Page 5 of 6 — ← Prev page 1 2 3 4 [5] 6 Next page →

#61194 — Re: ASCII and Unicode [was Re: Managing Google Groups headaches]

From	Chris Angelico <rosuav@gmail.com>
Date	2013-12-07 10:42 +1100
Subject	Re: ASCII and Unicode [was Re: Managing Google Groups headaches]
Message-ID	<mailman.3673.1386373692.18130.python-list@python.org>
In reply to	#61176

On Sat, Dec 7, 2013 at 6:00 AM, Steven D'Aprano
<steve+comp.lang.python@pearwood.info> wrote:
>     - character 33 was permitted to be either the exclamation
>       mark ! or the logical OR symbol |
>
>     - consequently character 124 (vertical bar) was always
>       displayed as a broken bar ¦, which explains why even today
>       many keyboards show it that way
>
>     - character 35 was permitted to be either the number sign # or
>       the pound sign £
>
>     - character 94 could be either a caret ^ or a logical NOT ¬

Yeah, good fun stuff. I first met several of these ambiguities in the
OS/2 REXX documentation, which detailed the language's operators by
specifying their byte values as well as their characters - for
instance, this quote from the docs (yeah, I still have it all here):

"""
Note:   Depending upon your Personal System keyboard and the code page
you are using, you may not have the solid vertical bar to select. For
this reason, REXX also recognizes the use of the split vertical bar as
a logical OR symbol. Some keyboards may have both characters. If so,
they are not interchangeable; only the character that is equal to the
ASCII value of 124 works as the logical OR. This type of mismatch can
also cause the character on your screen to be different from the
character on your keyboard.
"""
(The front material on the docs says "(C) Copyright IBM Corp. 1987,
1994. All Rights Reserved.")

It says "ASCII value" where on this list we would be more likely to
call it "byte value", and I'd prefer to say "represented by" rather
than "equal to", but nonetheless, this is still clearly distinguishing
characters and bytes. The language spec is on characters, but
ultimately the interpreter is going to be looking at bytes, so when
there's a problem, it's byte 124 that's the one defined as logical OR.
Oh, and note the copyright date. The byte/char distinction isn't new.

ChrisA

[toc] | [prev] | [next] | [standalone]

#61219 — Re: ASCII and Unicode [was Re: Managing Google Groups headaches]

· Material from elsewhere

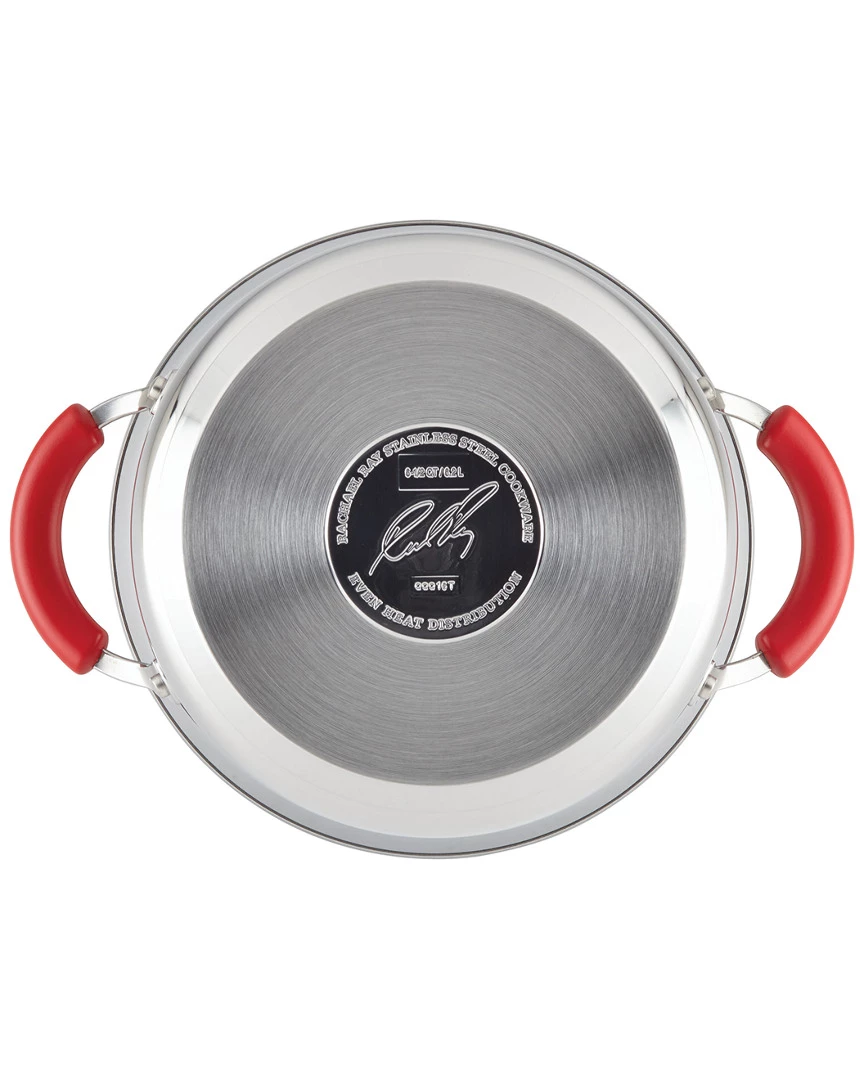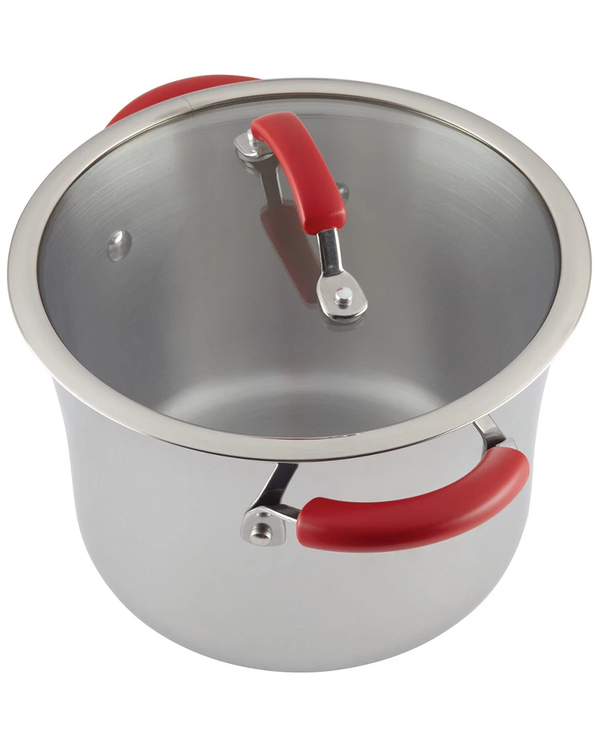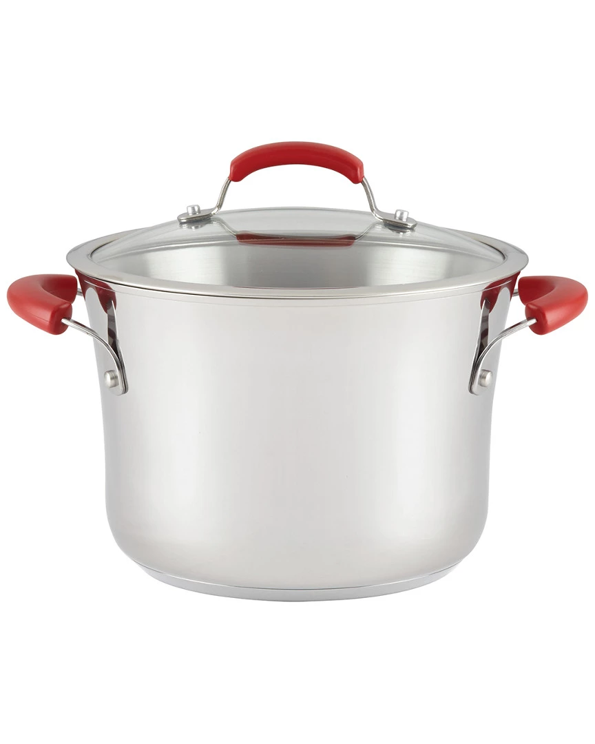- Design details: From the striking cookware exterior to the colorful handles, this Rachael Ray Classic Brights Stainless Steel 6.5-Quart Covered Stockpot is sure to be standard kitchen stock for soups, pastas, stews and more; Count on Rachael Ray to design and deliver cookware thats as practical as it is stylish. This stockpot’s professional-quality stainless construction is exceptionally durable, and the polished exterior looks great on the stove. As for cooking performance, the induction-suitable stockpot base boasts a thick layer of aluminum that is fully encapsulated in stainless steel for fast, even heating in a pan that demands it. And the grippy rubberized handles are double riveted for added strength and provide comfortable grasp even with a full pot; Besides stoups and stews, stockpot is the perfect kitchenware piece for cooking crushed tomatoes with herbs for a homemade pasta sauce and preparing a double batch of Rachs Cranberry Walnut Rice. The shatter-resistant glass lid allows cooking to be monitored while locking in heat and moisture. Stockpot is oven safe to 350F and dishwasher safe for easy cleanup. Finally, the pot complements many other pieces in the Rachael Ray kitchenware collection; Make a polished statement when making stocks and soups in the kitchen with the Rachael Ray Classic Brights Stainless Steel 6.5-Quart Covered Stockpot that looks as good as it cooks

From	rusi <rustompmody@gmail.com>
Date	2013-12-06 18:33 -0800
Subject	Re: ASCII and Unicode [was Re: Managing Google Groups headaches]
Message-ID	<41e2ac37-d751-43b4-a720-e8da58429420@googlegroups.com>
In reply to	#61176

On Saturday, December 7, 2013 12:30:18 AM UTC+5:30, Steven D'Aprano wrote:
> On Fri, 06 Dec 2013 05:03:57 -0800, rusi wrote:

> > Evidently (and completely inadvertently) this exchange has just
> > illustrated one of the inadmissable assumptions:
> > "unicode as a medium is universal in the same way that ASCII used to be"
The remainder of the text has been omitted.